Windseeker – A Malicious App

A malicious app dubbed Windseeker has been detected by security experts at Lacoon Mobile Security that utilizes a rare injection in hooking techniques to spy on the users. It is one of those dangerous Android apps which have drawn the attention of experts at the Lacoon Mobile security and the main features of the app are its injection and techniques to spy on mobile users. The techniques are very rare in mobile ecosystem wherein Windseeker operated on rooted Android devices enables attackers to probe on popular instant messaging apps in China, WeChat and QQ.

Lacoon noticed Windseeker in third party app marketplace though an attacker would need physical access to the device to get installed and to register the app.
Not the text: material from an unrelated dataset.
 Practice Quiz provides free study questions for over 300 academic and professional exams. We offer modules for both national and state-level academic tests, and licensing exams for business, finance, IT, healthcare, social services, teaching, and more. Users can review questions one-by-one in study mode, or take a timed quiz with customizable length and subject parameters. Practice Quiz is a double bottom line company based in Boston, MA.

In a recent interview with SC Magazine, Avi Bashan, CISO at Lacoon Mobile Security states that the app’s injection and hooking techniques are a focal point of the threat wherein the techniques has two sections.

The first being the injection that occur on the native file which uses ptrace procedure and is also used to inject a second file to target instant messaging app while in the second section, the injected native file loads a java file which enables to monitor the activity of the messaging app through the API hooking.

Threat – Cause for Worry

This discovery is a cause for worry and Bashan explains that these types of treat could be utilized in spying data of any kind of application. In his blog he has also mentioned about the threat that it was `important to understand that this type of threat could be implemented anywhere’. Bashan further states that `hooking over an API code would mean that each time the app calls to the API, instead of going directly to the system, the data is intercepted by the attacker and when it is on the device, it is called “hooking” and when it is over the network it is known as a man-in-the-middle attack which PC malware has been doing it for years. Bashan has also highlighted in his blog post that the hooking techniques does not seem to be a common attack method in the mobile field.
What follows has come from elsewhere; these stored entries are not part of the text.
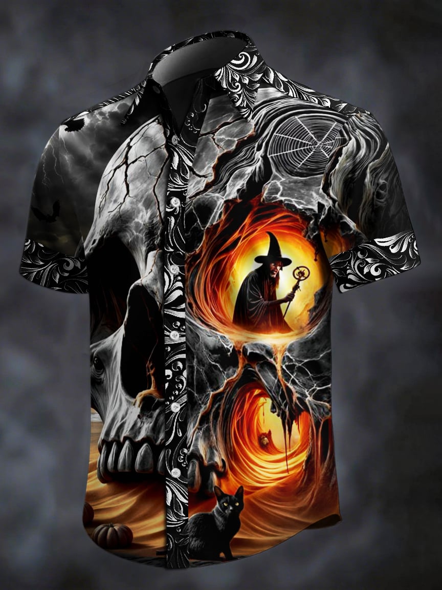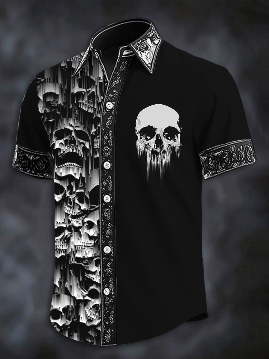 Men's Dark Skull Print Casual Short Sleeve Shirt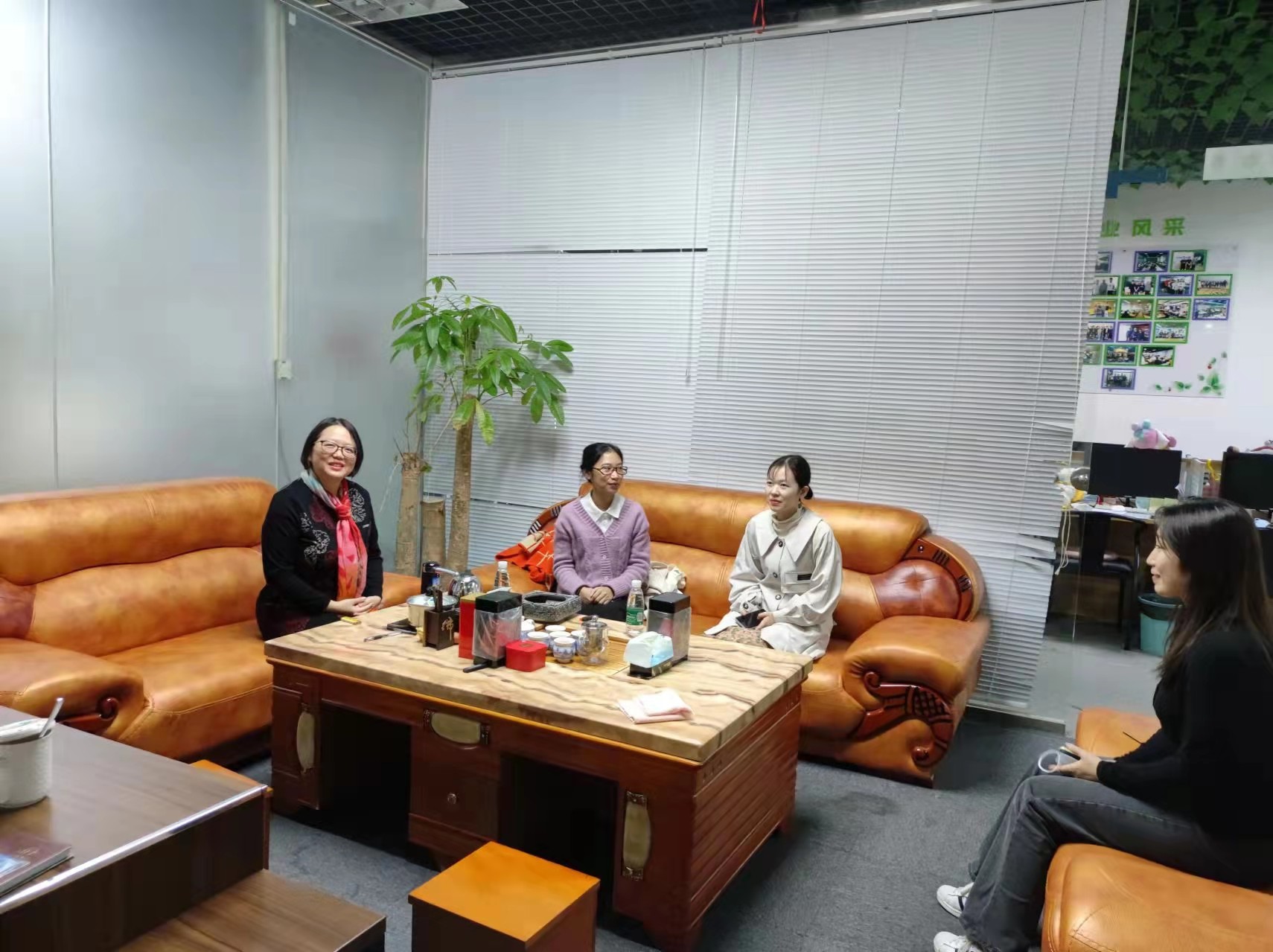 九叶灵枝现代学徒制对接人杨女士对两位老师的到来表示欢迎,双方就人才培养事宜进行了友好的交流。随后,黄翔老师与学生进行了亲切的交谈,详细了解其学习和工作上的情况,给予建议与鼓励。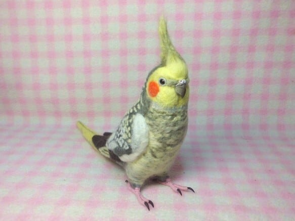*** 【受注作成品】 オカメインコ パール 羊毛フィギュア リアル ほぼライフサイズ 羊毛フェルト(羽色変更可能) ***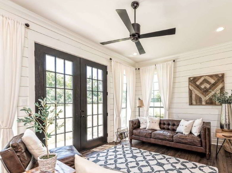 The color combination is wooden walls with white, while black is used on the door trim. Add rustic wooden wall decor that matches the color of sofa or floor from barndos. Put the black and whit rugs in the middle of the room.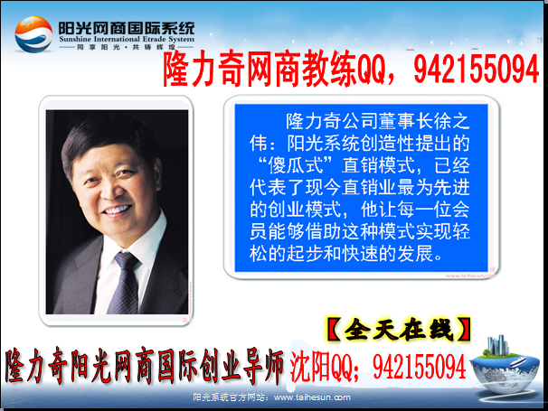 隆力奇陽光網(wǎng)商國際系統(tǒng)黃埔式起航培訓(xùn) 創(chuàng)業(yè)網(wǎng)商沈陽,QQ,942155094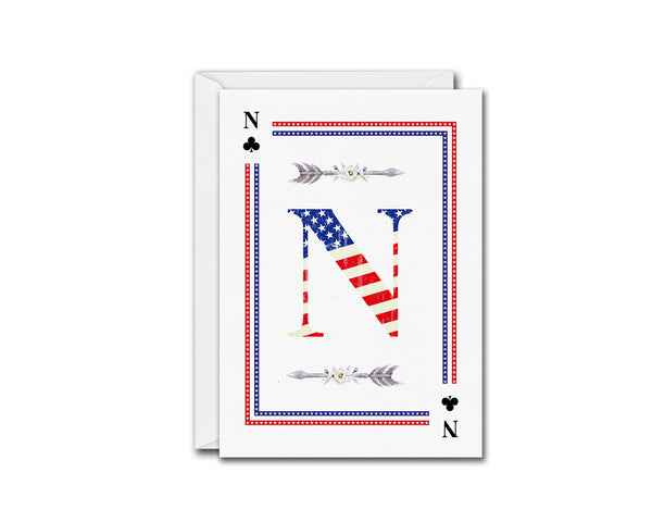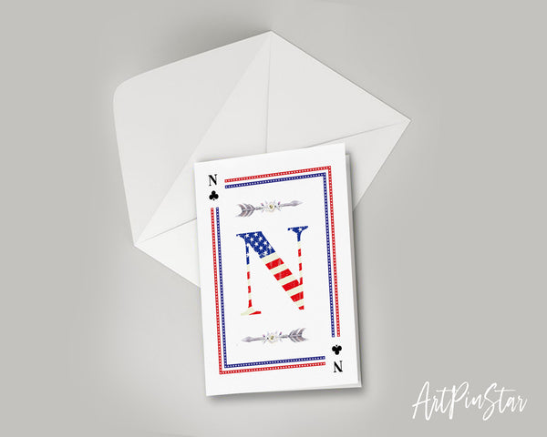 American Flag Letter N Clover Monogram Note Cards

How Does the Windseeker Functions

Initially the Windseeker checks if the device is rooted since it is essential for the app to run and if rooted, it performs the following process:

• Creates a process monitoring thread which is used to identify if IM apps such as WeChat or QQ are active. 
• Request the user to register with its management server through SMS 
• It injects a malicious code which in fact is the hooking process that enables the Windseeker to spy on WeChat and QQ 
• It directs the monitored data back to the threat actor’s controlled server where the details from the IM chat could be viewed conveniently from a web interface.
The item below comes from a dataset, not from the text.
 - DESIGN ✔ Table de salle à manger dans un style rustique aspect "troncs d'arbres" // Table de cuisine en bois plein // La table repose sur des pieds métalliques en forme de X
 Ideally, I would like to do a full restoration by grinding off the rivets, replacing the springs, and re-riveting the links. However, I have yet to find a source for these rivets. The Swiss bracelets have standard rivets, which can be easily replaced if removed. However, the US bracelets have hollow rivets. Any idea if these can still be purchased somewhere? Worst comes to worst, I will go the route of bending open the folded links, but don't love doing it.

The target gets the opportunity of viewing the Windseeker app that is installed but will be unaware of its capabilities of monitoring their instant messaging chats. According to Bashan, till now commercial mobile surveillance apps sought an app’s data through a file system or a memory dump and the hooking techniques indicates a new step in the evolution of threat in mobile resembling the way PC based malware evolved all through the years.

Steps to be taken for Protection - 

• Avoid rooting the device since it exposes the device to these kinds of threats. 
• Avoid installing application from unreliable application marketplaces or unknown sources. 
• Ensure to review your list of installed applications frequently to see if there is anything that is unfamiliar.